網谷 圭将(DeNA)捕手のルーキー回顧へ






網谷 圭将(千葉英和3年)捕手 183/80 右/右 
 




                  「捕手としてはどうだろうか?」





 2015年度の千葉を代表する野手として気にはなっていたが、ドラフト候補としての優先度はそれほど高くはなかった。そのため最終学年のプレーは確認できずに終わり、残念ながら評価付けできないことはご了承願いたい。あくまでも2年夏までのプレーぶりをみて、今回はレポートを作成してみた。


(ディフェンス面)

 ミットを示し、グラブ地面につけないで構えられている。特に体を小さくかがめて、ミットを大きく見せるような、そういったきめ細やかなプレーをするタイプではない。ボールの押し込み等も並で、キャッチング全般に言えることは平均的といった感じ。

 ボール処理の時には、しっかり捕球する野手に指示を出す。打球への反応はまずまずで、大型でも動きが緩慢という感じはしなかった。残念ながらスローイングを計測する機会がなかったのでよくわからないが、1.95~2.00秒ぐらいで到達するという話を訊いている。このタイムは、ドラフト指名される捕手としては中の下ぐらいのタイム。プロで平均的なスローイングタイムとなると、1.9秒ぐらいが目安となる。別の言い方をすれば、このぐらいで投げられシッカリコントロールできれば、投手がモーションを盗まれない限りは、確実に刺せる計算となる。スローイングの形自体は悪いとは思わなかったが、コントロールはどうなのだろう?
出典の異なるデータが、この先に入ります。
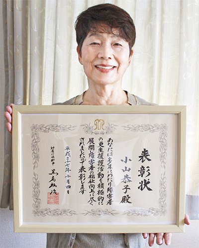 神奈川県は9月30日、2015年度神奈川県障害者自立更生者・更生援護功労者を発表。秦野市では小山恭子さん(67・戸川在住)が更生援護功労者に選ばれ、10月4日に行われた表彰式(座間市)で知事表彰を受けた。今年の受賞者は県内で6人。
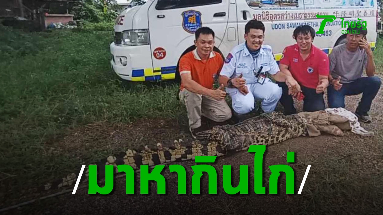 ชาวบ้านในเขตเทศบาลนครอุดรธานี ไม่อยากจะเชื่อสายตาตัวเอง สัตว์เลื้อยคลานตัวใหญ่ ซึ่งคือจระเข้ ตัวยาวกว่า 3 เมตรกำลังงุดๆ มุดรั้วบ้าน คาดจะเข้าไปขโมยกินไก่เล้า วิ่งไปบอกเจ้าของบ้านยังคิดว่าเป็นตัวเงินตัวทองหรือเปล่า คาดหลุดจากบ่อเลี้ยง แต่คงไม่มีใครรับเป็นเจ้าของ
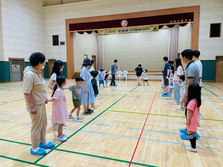 [광주 세계타임즈=손권일 기자] 새별초등학교병설유치원이 지난 24일 새별초등학교 강당에서 ‘사계절 웃음꽃 전래놀이터’를 실시했다.

 投手としては、2年夏のを見た時には135キロぐらい。あれから一年の間に、どの程度球速を増していたのかは不明。捕手を始めたのは高校からと経験が浅く、一塁や三塁を本職としていた。球団が捕手としての将来性を評価したのか?それとも打力を評価して、将来的には他のポジションを見越して評価しているのかはわからない。しかし2年夏のプレーを見る限り、捕手としては並であり、一年ぐらい適正を見極めてから三塁なりにコンバートするつもりかもしれない。





(打撃内容)

 私が今まで見た彼の打球は、すべて三遊間・レフト方向の打球ばかり。センターやライト方向への打球を見たことがなく、完全に引っ張りオンリーのプルヒッター。たまにタイミングが合うと、大きな打球が飛んでゆく。それほどスラッガーには見えないが、高校通算33本塁打を放っているという。打撃フォームは、あくまでも2年夏のものなので、参考までに。

<構え> 
☆☆☆☆

 前の足を少しだけ引いて、グリップを高めに添えます。腰は据わり、両目で前を見据える姿勢も悪くありません。全体のバランスとしては並ですが、打席の雰囲気を感じさせる強打者。

<仕掛け> 平均的

 投手の重心が下がりきったあたりで動き出す、「平均的仕掛け」を採用。これは、ある程度の確実性と長打力をバランスよく兼ね備えた、中距離打者やポイントゲッターに多く観られます。彼もまさに、そういったタイプではないのでしょうか。

<足の運び> 
☆☆☆

 足をしっかり引き上げ、少し真っ直ぐからベースから離れた方に踏み出すアウトステップを採用。始動~着地までの間はそこそこで、速球でも変化球でもそれなりに対応。見ていると、ストレートをキッチリ叩くというよりは、緩い変化球を思いっきり引っ張るような打撃を得意にしているように見えます。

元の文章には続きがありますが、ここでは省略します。